#### Exercise materials

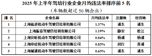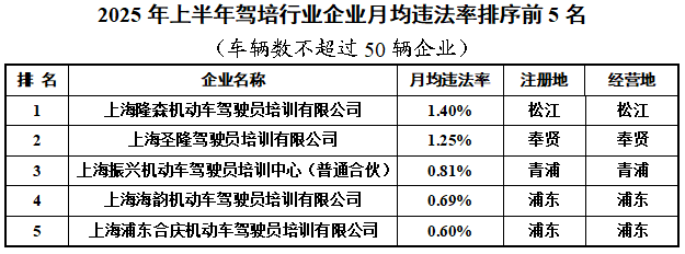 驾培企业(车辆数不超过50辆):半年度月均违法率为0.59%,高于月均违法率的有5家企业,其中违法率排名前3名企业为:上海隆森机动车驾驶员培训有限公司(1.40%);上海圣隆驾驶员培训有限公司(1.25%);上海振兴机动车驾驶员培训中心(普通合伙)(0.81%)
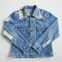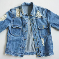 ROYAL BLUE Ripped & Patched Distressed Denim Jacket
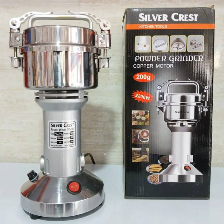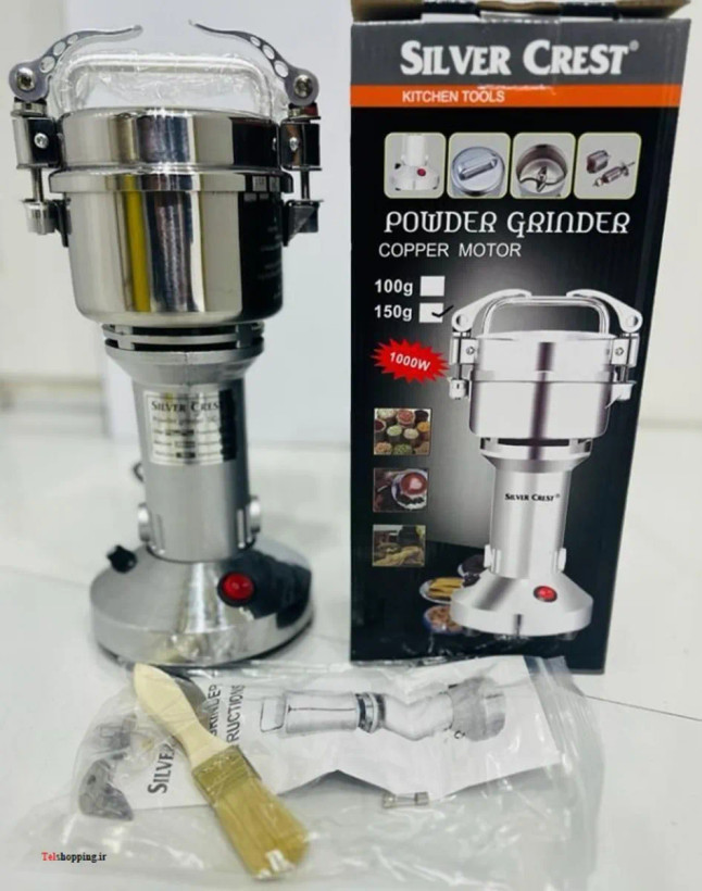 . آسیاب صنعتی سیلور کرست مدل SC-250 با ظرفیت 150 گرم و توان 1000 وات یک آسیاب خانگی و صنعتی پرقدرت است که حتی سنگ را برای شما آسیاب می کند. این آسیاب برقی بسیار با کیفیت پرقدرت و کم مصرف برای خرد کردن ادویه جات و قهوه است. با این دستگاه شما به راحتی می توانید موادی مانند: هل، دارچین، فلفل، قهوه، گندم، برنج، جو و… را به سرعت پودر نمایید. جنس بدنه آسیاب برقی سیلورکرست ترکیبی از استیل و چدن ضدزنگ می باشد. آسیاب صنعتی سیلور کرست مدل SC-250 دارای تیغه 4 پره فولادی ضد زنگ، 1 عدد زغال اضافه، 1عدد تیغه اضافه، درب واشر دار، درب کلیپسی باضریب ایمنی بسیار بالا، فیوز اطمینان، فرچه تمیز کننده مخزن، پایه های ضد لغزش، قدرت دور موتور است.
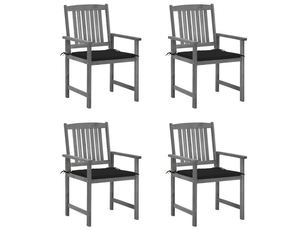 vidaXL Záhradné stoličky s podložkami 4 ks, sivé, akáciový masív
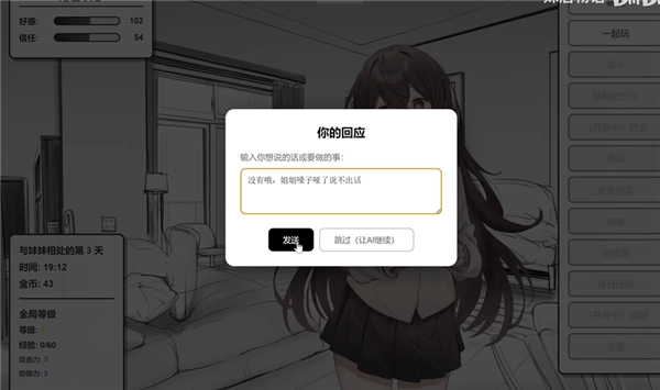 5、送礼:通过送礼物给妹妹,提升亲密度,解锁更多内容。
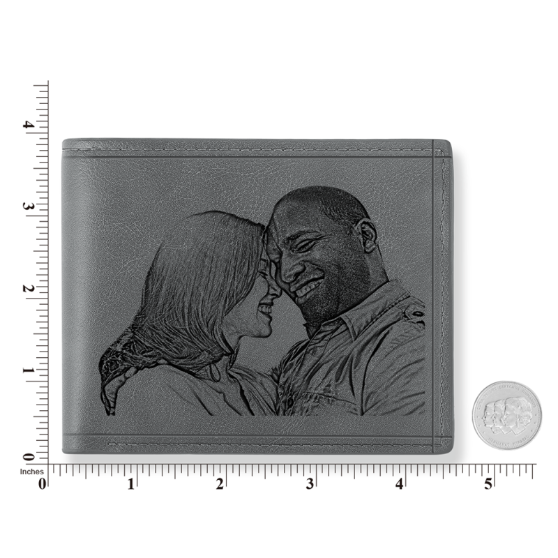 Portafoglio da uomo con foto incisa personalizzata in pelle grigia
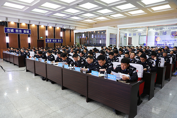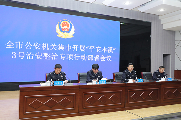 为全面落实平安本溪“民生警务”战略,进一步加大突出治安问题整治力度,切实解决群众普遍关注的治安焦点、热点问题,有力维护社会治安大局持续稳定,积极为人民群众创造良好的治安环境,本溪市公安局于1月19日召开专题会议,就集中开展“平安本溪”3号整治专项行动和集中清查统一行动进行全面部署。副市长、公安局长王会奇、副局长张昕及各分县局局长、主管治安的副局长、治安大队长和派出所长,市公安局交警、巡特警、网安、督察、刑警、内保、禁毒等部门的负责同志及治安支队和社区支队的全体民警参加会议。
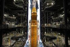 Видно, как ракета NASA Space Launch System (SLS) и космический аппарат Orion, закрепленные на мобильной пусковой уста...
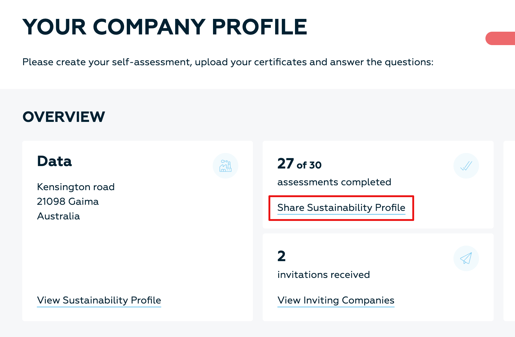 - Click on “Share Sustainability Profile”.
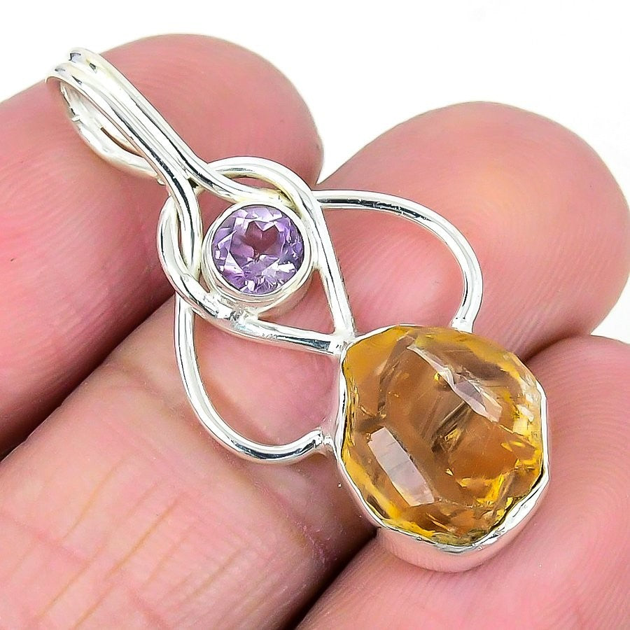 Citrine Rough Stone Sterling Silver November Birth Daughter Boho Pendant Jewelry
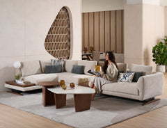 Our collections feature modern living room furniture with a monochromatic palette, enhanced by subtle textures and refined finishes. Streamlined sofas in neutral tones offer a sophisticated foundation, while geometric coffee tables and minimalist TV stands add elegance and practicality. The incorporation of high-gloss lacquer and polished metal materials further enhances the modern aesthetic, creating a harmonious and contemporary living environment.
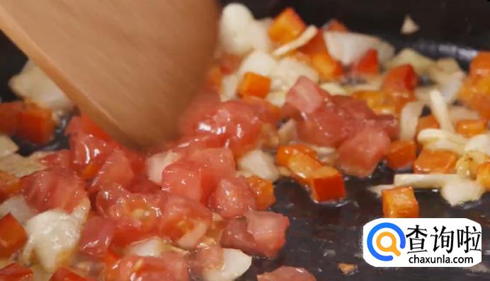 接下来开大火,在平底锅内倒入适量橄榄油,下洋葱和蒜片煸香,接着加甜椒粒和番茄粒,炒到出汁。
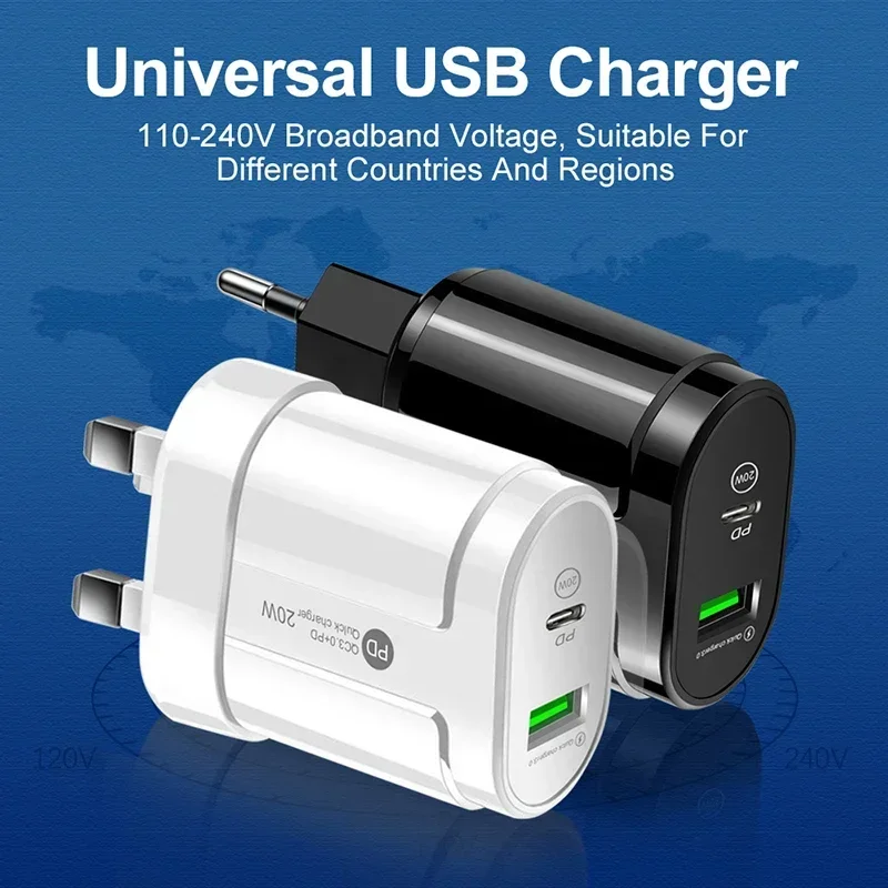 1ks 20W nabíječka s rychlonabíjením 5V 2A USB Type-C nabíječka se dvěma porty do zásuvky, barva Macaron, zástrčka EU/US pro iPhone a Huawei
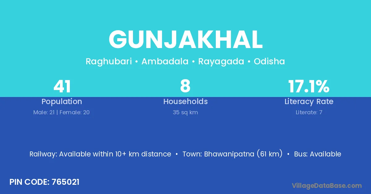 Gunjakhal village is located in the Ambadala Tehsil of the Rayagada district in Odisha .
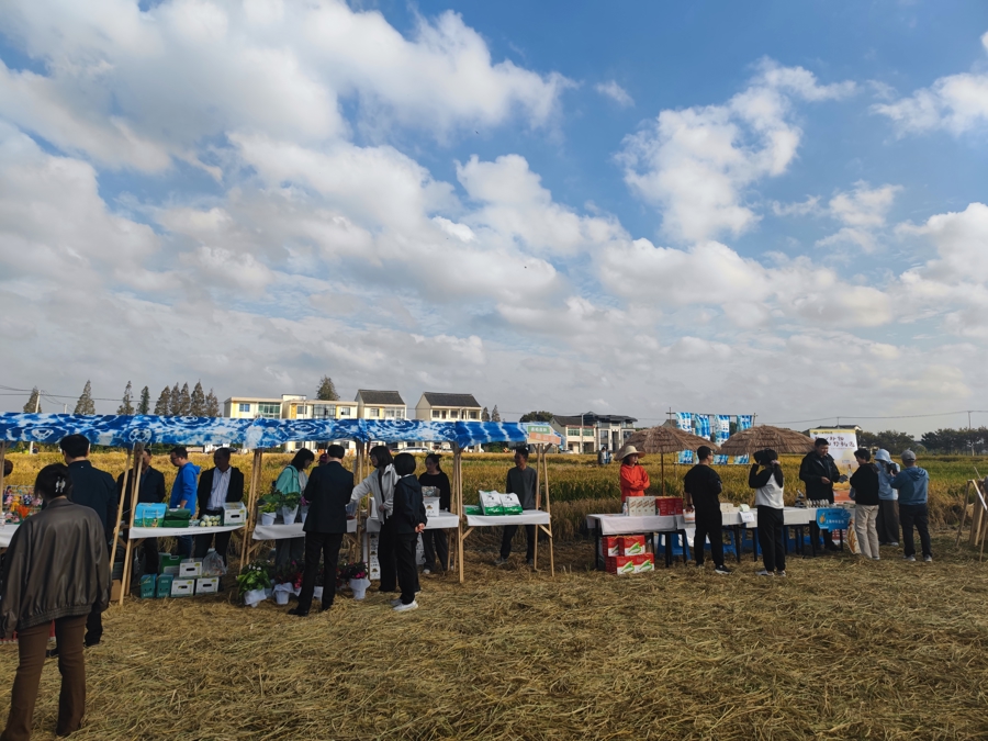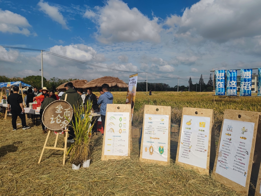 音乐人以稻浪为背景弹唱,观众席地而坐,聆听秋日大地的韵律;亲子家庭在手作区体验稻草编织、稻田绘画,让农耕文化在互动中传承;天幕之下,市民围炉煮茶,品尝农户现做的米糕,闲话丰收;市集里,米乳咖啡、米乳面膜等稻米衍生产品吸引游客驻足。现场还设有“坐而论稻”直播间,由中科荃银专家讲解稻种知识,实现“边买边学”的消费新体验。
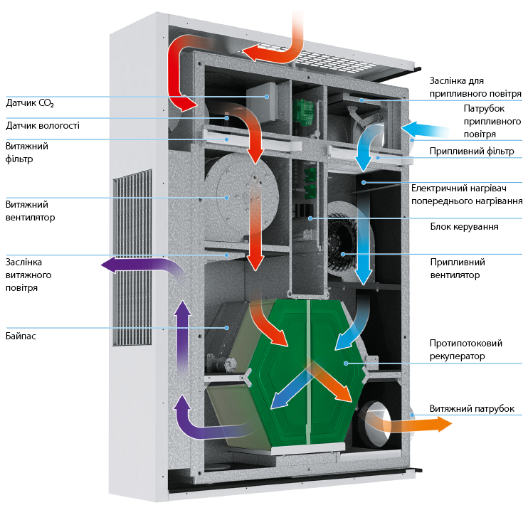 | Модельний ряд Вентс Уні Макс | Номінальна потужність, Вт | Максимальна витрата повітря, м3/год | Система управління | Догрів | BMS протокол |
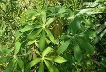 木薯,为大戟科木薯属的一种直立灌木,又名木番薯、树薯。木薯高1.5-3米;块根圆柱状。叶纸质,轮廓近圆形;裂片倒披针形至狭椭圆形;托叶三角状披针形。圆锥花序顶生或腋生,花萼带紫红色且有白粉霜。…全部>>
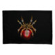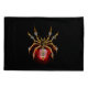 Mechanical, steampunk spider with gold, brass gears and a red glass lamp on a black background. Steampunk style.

########

Please set down the lines above word for word and leave out the pictures.

■ Exercise output
 驾培企业(车辆数不超过50辆):半年度月均违法率为0.59%,高于月均违法率的有5家企业,其中违法率排名前3名企业为:上海隆森机动车驾驶员培训有限公司(1.40%);上海圣隆驾驶员培训有限公司(1.25%);上海振兴机动车驾驶员培训中心(普通合伙)(0.81%)
 ROYAL BLUE Ripped & Patched Distressed Denim Jacket
 . آسیاب صنعتی سیلور کرست مدل SC-250 با ظرفیت 150 گرم و توان 1000 وات یک آسیاب خانگی و صنعتی پرقدرت است که حتی سنگ را برای شما آسیاب می کند. این آسیاب برقی بسیار با کیفیت پرقدرت و کم مصرف برای خرد کردن ادویه جات و قهوه است. با این دستگاه شما به راحتی می توانید موادی مانند: هل، دارچین، فلفل، قهوه، گندم، برنج، جو و… را به سرعت پودر نمایید. جنس بدنه آسیاب برقی سیلورکرست ترکیبی از استیل و چدن ضدزنگ می باشد. آسیاب صنعتی سیلور کرست مدل SC-250 دارای تیغه 4 پره فولادی ضد زنگ، 1 عدد زغال اضافه، 1عدد تیغه اضافه، درب واشر دار، درب کلیپسی باضریب ایمنی بسیار بالا، فیوز اطمینان، فرچه تمیز کننده مخزن، پایه های ضد لغزش، قدرت دور موتور است.
 vidaXL Záhradné stoličky s podložkami 4 ks, sivé, akáciový masív
 5、送礼:通过送礼物给妹妹,提升亲密度,解锁更多内容。
 Portafoglio da uomo con foto incisa personalizzata in pelle grigia
 为全面落实平安本溪“民生警务”战略,进一步加大突出治安问题整治力度,切实解决群众普遍关注的治安焦点、热点问题,有力维护社会治安大局持续稳定,积极为人民群众创造良好的治安环境,本溪市公安局于1月19日召开专题会议,就集中开展“平安本溪”3号整治专项行动和集中清查统一行动进行全面部署。副市长、公安局长王会奇、副局长张昕及各分县局局长、主管治安的副局长、治安大队长和派出所长,市公安局交警、巡特警、网安、督察、刑警、内保、禁毒等部门的负责同志及治安支队和社区支队的全体民警参加会议。
 Видно, как ракета NASA Space Launch System (SLS) и космический аппарат Orion, закрепленные на мобильной пусковой уста...
 - Click on “Share Sustainability Profile”.
 Citrine Rough Stone Sterling Silver November Birth Daughter Boho Pendant Jewelry
 Our collections feature modern living room furniture with a monochromatic palette, enhanced by subtle textures and refined finishes. Streamlined sofas in neutral tones offer a sophisticated foundation, while geometric coffee tables and minimalist TV stands add elegance and practicality. The incorporation of high-gloss lacquer and polished metal materials further enhances the modern aesthetic, creating a harmonious and contemporary living environment.
 接下来开大火,在平底锅内倒入适量橄榄油,下洋葱和蒜片煸香,接着加甜椒粒和番茄粒,炒到出汁。
 1ks 20W nabíječka s rychlonabíjením 5V 2A USB Type-C nabíječka se dvěma porty do zásuvky, barva Macaron, zástrčka EU/US pro iPhone a Huawei
 Gunjakhal village is located in the Ambadala Tehsil of the Rayagada district in Odisha .
 音乐人以稻浪为背景弹唱,观众席地而坐,聆听秋日大地的韵律;亲子家庭在手作区体验稻草编织、稻田绘画,让农耕文化在互动中传承;天幕之下,市民围炉煮茶,品尝农户现做的米糕,闲话丰收;市集里,米乳咖啡、米乳面膜等稻米衍生产品吸引游客驻足。现场还设有“坐而论稻”直播间,由中科荃银专家讲解稻种知识,实现“边买边学”的消费新体验。
 | Модельний ряд Вентс Уні Макс | Номінальна потужність, Вт | Максимальна витрата повітря, м3/год | Система управління | Догрів | BMS протокол |
 木薯,为大戟科木薯属的一种直立灌木,又名木番薯、树薯。木薯高1.5-3米;块根圆柱状。叶纸质,轮廓近圆形;裂片倒披针形至狭椭圆形;托叶三角状披针形。圆锥花序顶生或腋生,花萼带紫红色且有白粉霜。…全部>>
 Mechanical, steampunk spider with gold, brass gears and a red glass lamp on a black background. Steampunk style.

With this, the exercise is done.